> Assigned task
The lines to extract run from the start of the records through the line with "さらに、狛犬に加えて社殿の上", both ends included; drop the pictures.

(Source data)
┄┄┄┄┄┄

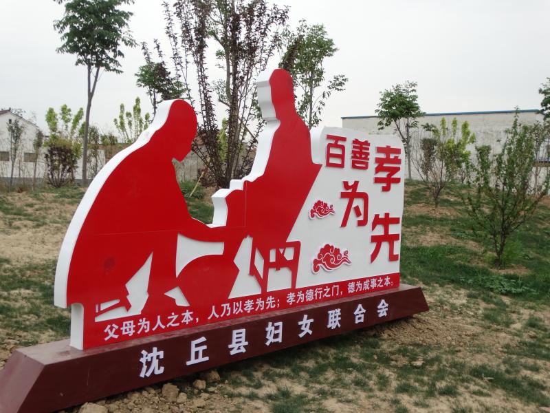 在具體操作中,該縣婦聯(lián)將白集鎮(zhèn)劉樓村的“碧水灣”一隅,打造成為巾幗文化宣傳新基地暨鄉(xiāng)村振興示范點。在沿“碧水灣”小游園周圍曲徑路口、濃郁的花草叢中等顯眼位置,樹立各具特色、造型各異的鐵藝宣傳展板,展板以黨的領導、家風家訓、孝道文化、`五美’庭院建設及防溺水等人文教育、人文關懷為核心內容,讓群眾看得到、學的懂,只要群眾走過路過,就會被刊板所吸引默念誦讀,用這種接地氣的方式,讓廣大群眾在潛移默化中接受巾幗文化宣傳教育,提高文化素質,助力鄉(xiāng)村振興。
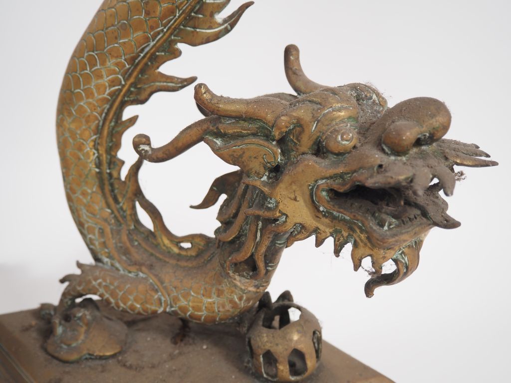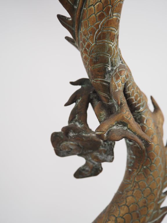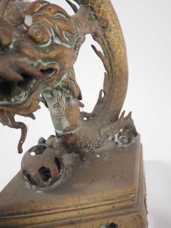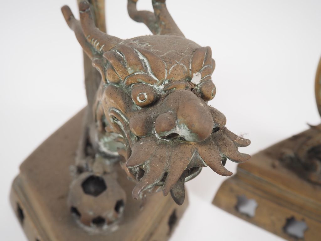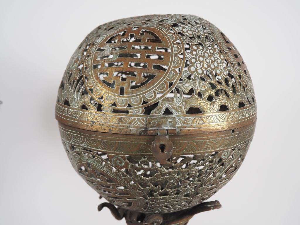 Vietnam, vers 1920 Paire de grands candélabres en cuivre de forme sphérique, reposant sur un piètement en forme de dragons, à décor des caractères shou, fleurs et prunus ajourés. H. 96 cm
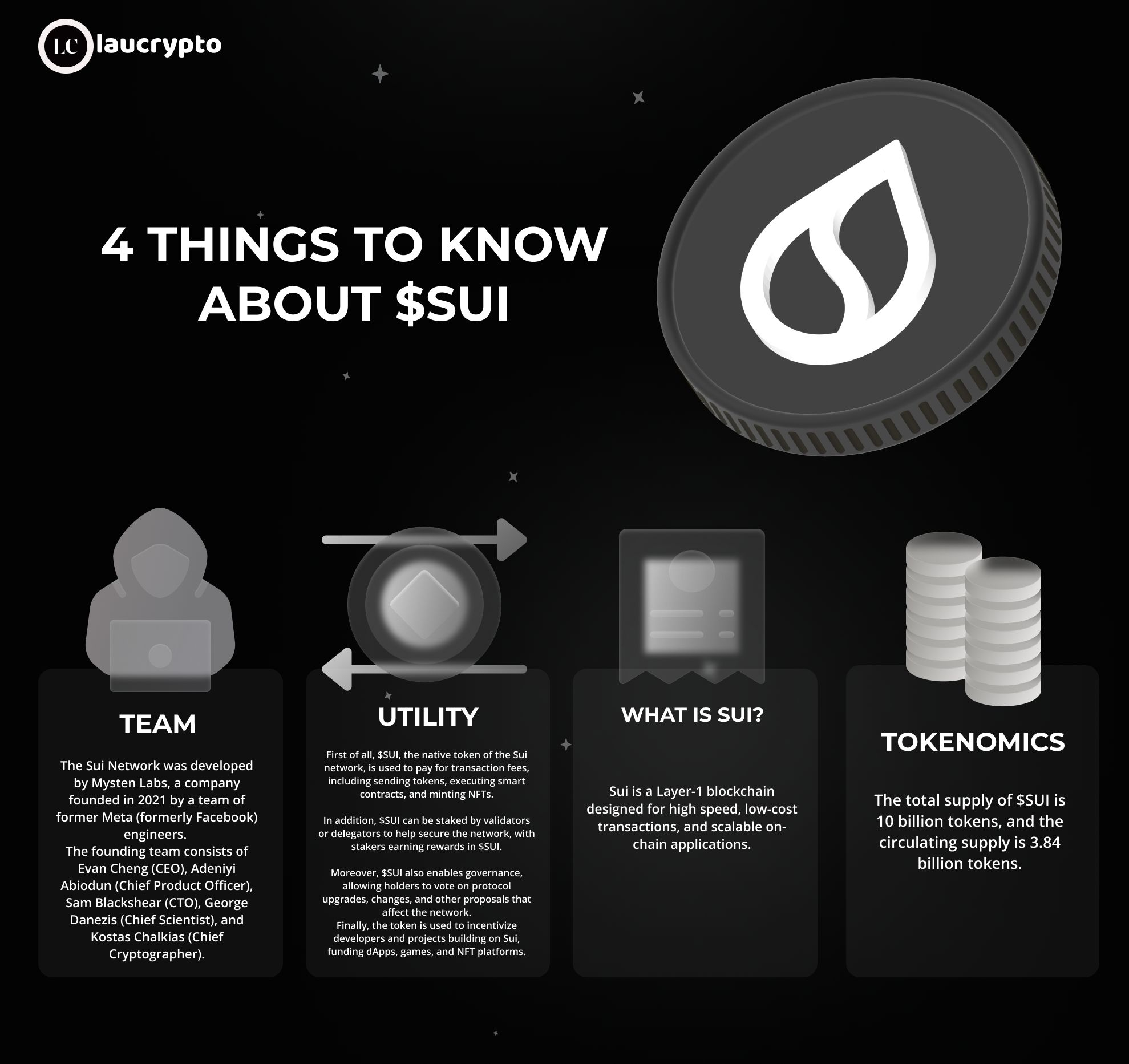 $SUI I é o token nativo da rede Sui, uma rede blockchain de camada 1 construída para aplicativos descentralizados (dApps), contratos inteligentes, jogos, NFTs e DeFi rápidos, escaláveis e de baixo custo.
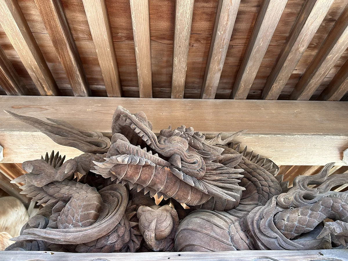 さらに、狛犬に加えて社殿の上には立派な龍の彫刻があり、その龍が抱く玉は、見る人によっては光って見えることがあるそうです。
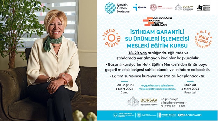 ?zmir Ticaret Borsas? E?itim, Kültür ve Sosyal Entegrasyon Vakf? (BORSAV) ile Akdeniz Koruma Derne?i ortakl???nda “Denizin Üreten Kad?nlar?” Projesi’nin i? garantili meslek kursu ba?l?yor. ??KUR deste?i ile Halk E?itim Merkezleri üzerinden 23 günlük kurs ile kad?nlar su ürünleri i?lemecisi meslek belgesi alacak. Kursu ba?ar?yla tamamlayan kad?nlar kurs gördükleri i?letmelerde do?rudan i?e ba?lama imkan?na sahip olacaklar.

┄┄┄┄┄┄

> Result of this task
 在具體操作中,該縣婦聯(lián)將白集鎮(zhèn)劉樓村的“碧水灣”一隅,打造成為巾幗文化宣傳新基地暨鄉(xiāng)村振興示范點。在沿“碧水灣”小游園周圍曲徑路口、濃郁的花草叢中等顯眼位置,樹立各具特色、造型各異的鐵藝宣傳展板,展板以黨的領導、家風家訓、孝道文化、`五美’庭院建設及防溺水等人文教育、人文關懷為核心內容,讓群眾看得到、學的懂,只要群眾走過路過,就會被刊板所吸引默念誦讀,用這種接地氣的方式,讓廣大群眾在潛移默化中接受巾幗文化宣傳教育,提高文化素質,助力鄉(xiāng)村振興。
 Vietnam, vers 1920 Paire de grands candélabres en cuivre de forme sphérique, reposant sur un piètement en forme de dragons, à décor des caractères shou, fleurs et prunus ajourés. H. 96 cm
 $SUI I é o token nativo da rede Sui, uma rede blockchain de camada 1 construída para aplicativos descentralizados (dApps), contratos inteligentes, jogos, NFTs e DeFi rápidos, escaláveis e de baixo custo.
 さらに、狛犬に加えて社殿の上には立派な龍の彫刻があり、その龍が抱く玉は、見る人によっては光って見えることがあるそうです。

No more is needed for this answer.